The prevalence and utility of ‘roadmap’ decisions in bankruptcy mega-cases
April 2014 | LEGAL & REGULATORY | BANKRUPTCY & RESTRUCTURING
Financier Worldwide Magazine
As the pace of Chapter 11 filings jumped in the aftermath of the 2008 financial crisis, bankruptcy courts found their resources increasingly stretched. The number of Chapter 11 ‘mega-cases’ – that is, cases that involve $100m or more in assets, over 1000 entities and/or a high degree of public interest – placed significant strain on the nation’s bankruptcy courts. Many of these cases involve numerous creditors and, given the stakes, litigation that has the potential to drag on for years. Against this backdrop, bankruptcy judges have developed a variety of strategies to foster the efficient resolution of such cases. Mediation is becoming a regular feature of contentious mega-cases, and judges are frequently urging parties to resolve their disputes. Where a compromise is not possible and litigation is unavoidable, judges have increasingly issued ‘roadmap’ decisions that deny relief but provide a specific list of steps that need to be taken or changes to be made that will yield judicial approval. These decisions encourage parties to recalibrate their positions based on the court’s views on the matter, engage in productive negotiations, and quickly come to an agreement on a proposal that the court has already indicated it will approve.
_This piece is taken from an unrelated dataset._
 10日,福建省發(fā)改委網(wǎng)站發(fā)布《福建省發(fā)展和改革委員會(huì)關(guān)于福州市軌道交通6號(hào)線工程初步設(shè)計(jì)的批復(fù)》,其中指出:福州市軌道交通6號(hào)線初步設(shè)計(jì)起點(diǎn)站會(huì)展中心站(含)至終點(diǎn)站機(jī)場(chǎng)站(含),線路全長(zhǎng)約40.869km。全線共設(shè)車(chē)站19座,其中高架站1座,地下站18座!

Examples of such ‘roadmap’ decisions can be seen in at least four recent mega-cases. In the Chapter 11 cases of Washington Mutual, Judge Mary F. Walrath of the District of Delaware at first denied the debtor’s motion to confirm a plan of reorganisation that contained a global settlement of disputes among the debtors, JPMorgan Chase and the Federal Deposit Insurance Corporation. In this opinion, however, Judge Walrath laid out the specific steps the debtors needed to take to garner approval of a revised plan. The court concluded by stating that the plan was “not confirmable unless the deficiencies explained herein [were] corrected”. In re Washington Mutual, Inc., 442 B.R. 314, 322 (Bankr. D. Del. 2011). Although Judge Walrath denied confirmation of a subsequent iteration of the plan because of certain deficiencies and allegations that certain hedge funds had engaged in insider trading, the parties were able to correct the specific items noted in the bankruptcy court’s initial opinion and, once further modifications were made and the insider trading allegations were resolved, present a confirmable plan of reorganisation to the court based on the roadmap that had been provided.
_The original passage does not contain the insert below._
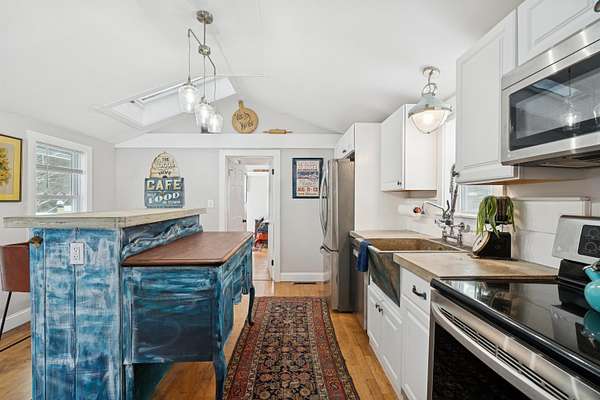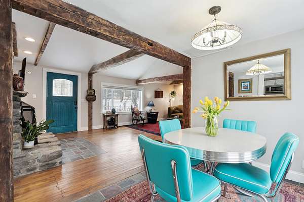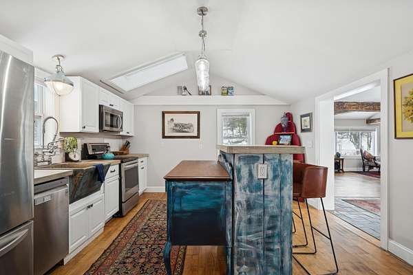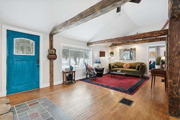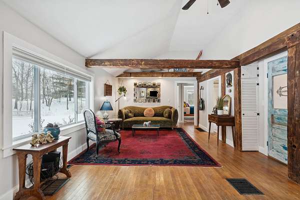 Once home to the renowned New England ski trail designer and craftsman, Robert L. Pearsons, this fully renovated 3 bedroom, 2 bathroom gem is located midway between the villages of Woodstock and Barnard with less than a 10 minute drive to each. The home is situated on 2 level acres of land with the Gulf stream (aka Lakota Brook) running along the edge, providing a magical spot for cooling off in the warmer months, and a tranquil soundtrack for time spent on the new oversized deck. The floor plan is wonderfully functional and the home boasts vaulted ceilings in several of the rooms. The primary bedroom ensuite includes french doors to the deck, a full bath and large closet. The eat-in kitchen is spacious and fully equipped with newer stainless-steel appliances, an island, and skylights. The dining area also has direct access to the deck and flows nicely into the living room where you can curl up with a good book and relax by the wood-burning fireplace. An additional two bedrooms, full bath and laundry round out the remaining spaces. Natural light fills each and every room in this serene and comfortable home. There are two outbuildings, one of which is currently set-up as a "she-shed" and sits just above the brook. Don't miss out on this amazing opportunity to live in one of the Upper Valley's most special places. Barnard Academy is a top-rated elementary school which transitions to the also top-rated Woodstock Middle and High schools. Less than 10 minutes to both the Saskadena Six ski area and Silver Lake, and Killington is also an easy drive. Less than 30 minutes from the Dartmouth Health Center. 2-1/2 hours from Boston. Public Open House this Saturday, 1/31 from 11 AM - 1 PM.

A similar approach was taken by Judge Kevin J. Carey of the District of Delaware in the Tribune Chapter 11 cases. In Tribune, the debtors and several groups of creditors filed competing plans of reorganisation, and ultimately two plans were presented to the court for approval. Following a June 2011 confirmation hearing, Judge Carey concluded that neither plan was confirmable in its current form, laid out a number of flaws in each of the plans and threatened to appoint a trustee if Tribune and its creditors could not soon agree on a viable solution. Nevertheless, Judge Carey noted that he favoured the plan proposed by the debtors, the Official Committee of Unsecured Creditors and a group of senior creditors, (the ‘DCL Plan’) over the competing plan proposed by bondholders led by Aurelius Capital Management – in part because the DCL Plan was more feasible and enjoyed broader support among Tribune’s creditors. Judge Carey then advised the parties that even if “both sets of plan proponents addressed only flaws in their respective plans and both returned confirmable plans containing terms otherwise similar to those presently proposed, with similar voting results, the DCL Plan would survive the crucible of §1129(c)”. In re Tribune Company, 464 B.R. 126, 208 (Bankr. D. Del. 2011) (footnote omitted) (emphasis added). Based on this roadmap, the debtors promptly filed an amended DCL Plan, addressing each of the concerns identified in the 31 October 2011 opinion. After certain other disputes were resolved, the plan was confirmed on 23 July 2012 based on Judge Carey’s roadmap.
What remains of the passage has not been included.